DFDL Expressions and Daffodil Infoset Strings

The DFDL v1.0 specification now includes functions dfdl:decodeDFDLEntities(...) and dfdl:encodeDFDLEntities(...) which take a string value as argument, and which decode DFDL's entity syntax (such as "%LF;") into the corresponding unicode characters (decode), or the inverse of that, creating a string containing DFDL entities for characters that have entities defined (encode). By use of these functions strings can be constructed at runtime for properties that must use character entities. For example, the dfdl:terminator property's value is a list of DFDL string literals separated by whitespace. Within each string literal in the list, any whitespace must be represented using DFDL entities such as "%SP;" for the space character.  In the situation where the dfdl:terminator property is obtained from an element earlier in the data stream containing a single character, that character could be " " (a space); hence, the expression for dfdl:terminator must be

    dfdl:terminator='{ dfdl:encodeDFDLEntities(../../terminatorElement) }'

The value of the terminator property would then be "%SP;" which means the terminator is a single space character.

Daffodil Infoset and TDML Runner

The Daffodil TDML runner constructs the <tdml:dfdlInfoset> element contents by post-processing all strings so that the DFDL character entities notation can be used to express XML-illegal characters.

So for example:

     <tdml:dfdlInfoset><foo>abc%NUL;</foo></tdml:dfdlInfoset>

would translate the %NUL; entity notation into character #x00, which is illegal in XML, and so it would be remapped to character #xE000. Hence, the above example is equivalent to writing:

     <tdml:dfdlInfoset><foo>abc&#xE000;</foo></tdml:dfdlInfoset>

which uses the XML numeric character entity to directly insert the remapped #xE000 character directly.  The use of DFDL character entities simply allows the notational convenience of the use of the symbolic form of these entities (NUL, CR, LF, HT, VT, FF, etc.), or the DFDL numeric entities form (for example "%#x02;") for notational consistency across DFDL schema and TDML test files.

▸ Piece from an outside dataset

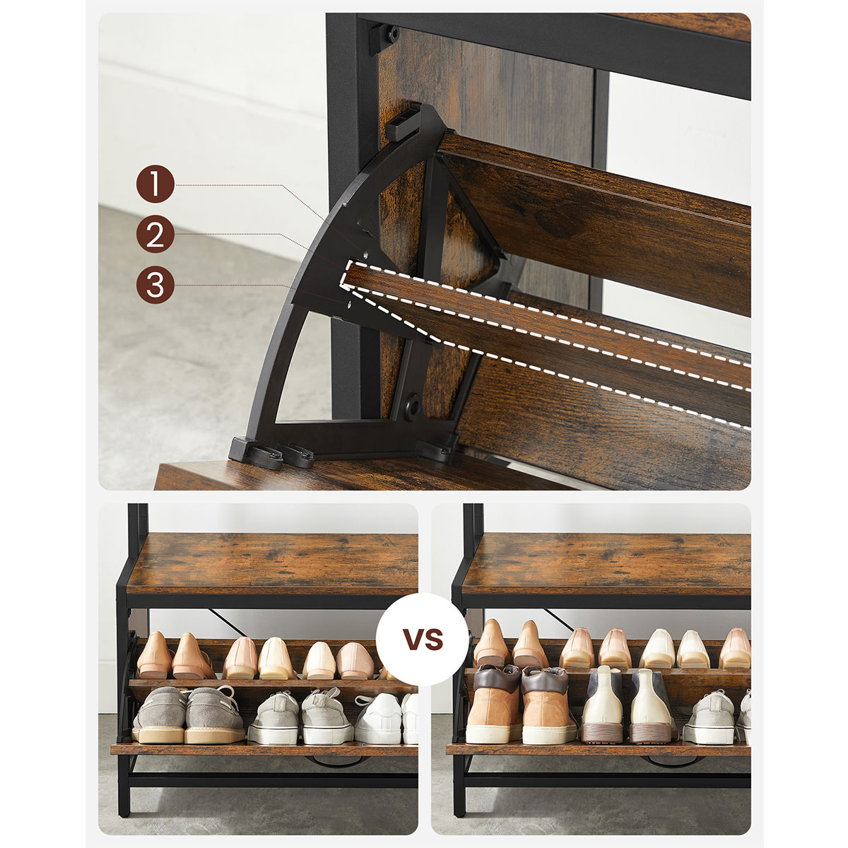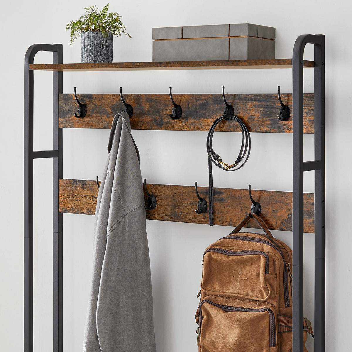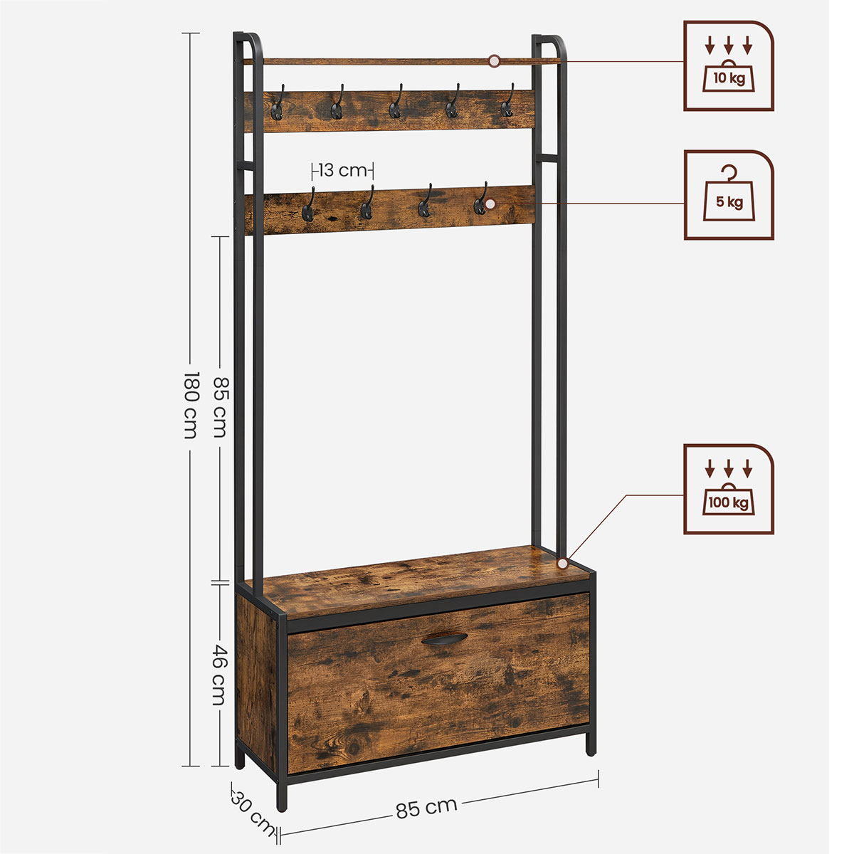 Έπιπλο εισόδου - πορτ μαντώ με μοντέρνο σχεδιασμό σε καφέ ρουστίκ χρώμα και μαύρο σκελετό από την εταιρεία Vasagle. Διαθέτει γάντζους για να κρεμάτε ρούχα ή αξεσουάρ, ανακλινόμενη παπουτσοθήκη, ξύλινη επιφάνεια για να ακουμπάτε αντικείμενα αλλά για να βάζετε ή βγάζετε τα παπούτσια σας μία ακόμη επιφάνεια στο πάνω μέρος. Το προϊόν έρχεται αμοντάριστο και συναρμολογείται βάσει οδηγιών.

Use of the DFDL character entities is preferred as it is portable to other DFDL implementations than just Daffodil. The remapping of XML-illegal characters to the PUA is a Daffodil-specific behaviour.

 

Other XML Output Options

XSLT has a variety of options in the xsl:output element that may be useful in terms of copying their names or meanings. It has options for encoding, for whether or not to add the xml declaration at the beginning of the xml, and even a way to list the elements where the contents should be surrounded by CDATA bracketing.